Atypical Oculo-Bulbar-Onset Lamber-eaton Myasthenic Syndrome
Grace Marie Dominguez1, Reece Hass1, Sarah Berini1
1Mayo Clinic, Rochester
Objective:

To present a rare presentation of Lambert-Eaton: oculo-bulbar-onset

To demonstrate the importance of paraneoplastic antibody clinical correlation

Background:

Lambert-Eaton myasthenic syndrome (LEMS) is a paraneoplastic syndrome associated with small cell lung cancer due to P/Q-type voltage-gated calcium channel which manifests with proximal weakness with caudocranial spread, dysautonomia, and areflexia. The electrophysiologic findings include low compound muscle action potential, decrement on slow stimulation, and facilitation with exercise/fast stimulation. TRIM46 antibody presents with subacute progressive cerebellar ataxia while GAD-65 antibody presents with stiff-person syndrome, cerebellar ataxia, and limbic encephalitis.

Design/Methods:
NA
Results:

A 66-year-old woman with an 80-pack-year smoking history presented with subacute ptosis, diplopia, facial palsy, dysarthria, dizziness, syncope, headache, and behavior and cognitive changes after 2 weeks of excessive alcohol consumption due to bereavement.
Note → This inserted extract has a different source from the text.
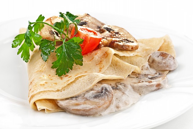 Шампиньоны и лук мелко нарезать и обжарить на растительном масле. Добавить муку и перемешать. Затем влить молоко, ввести сметану, посолить и поперчить. Тщательно перемешать и довести до кипения. Намазать получившейся начинкой блины, свернуть их рулетами и уложить в форму для запекания. Посыпать тёртым сыром и отправить в духовку на 15 минут при температуре 200 °С.
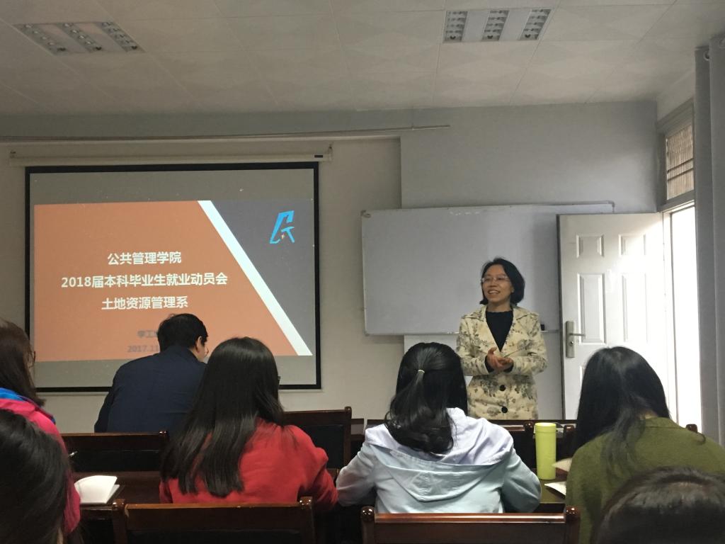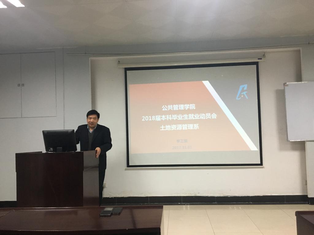 土地资源管理系2018届本科毕业生就业动员会在公管新楼101室顺利召开。学院副院长王占岐,院党委副书记胡文勤,土地资源管理系教授周学武、班主任渠丽萍,院团委副书记、2018届本科生辅导员李姝慧以及土地资源管理专业2018届本科毕业生参加此次会议。

MRI/MRA brain were normal. She was empirically treated for Wernicke encephalopathy without improvement. Due to persistent symptoms, she presented to our institution where her exam was significant for mild cognitive impairment, dysconjugate gaze, fatigable ptosis, proximal limb weakness, hyporeflexia, limb and truncal ataxia. Nerve conduction studies revealed low amplitude compound muscle action potentials of the left fibular, tibial, ulnar, and facial nerves. Repetitive nerve stimulation after a 10-second exercise showed 187% facilitation of the left fibular and 407% facilitation of the left facial nerves. Acetylcholine receptor-binding antibody was negative, however P/Q calcium (0.25; cutoff<0.02), serum TRIM46 (1:15360), CSF TRIM46 (1:256), serum GAD-65 (18.9; cutoff<0.02), and CSF GAD-65 (0.33; cutoff <0.02) were positive. CSF analysis revealed lymphocytic pleocytosis. Biopsy of an enlarged porta hepatis lymph node was positive for metastatic small cell lung carcinoma. She was started on 3,4-diaminopyridine, IV methylprednisolone, pyridostigmine, and chemotherapy with neurologic stability at 3-month follow-up.

Conclusions:

Rarely, LEMS can initially present with oculo-bulbar symptoms despite usually being a late presentation. Repetitive nerve stimulation helps in differentiating the cause of oculo-bulbar symptoms from other paraneoplastic syndromes.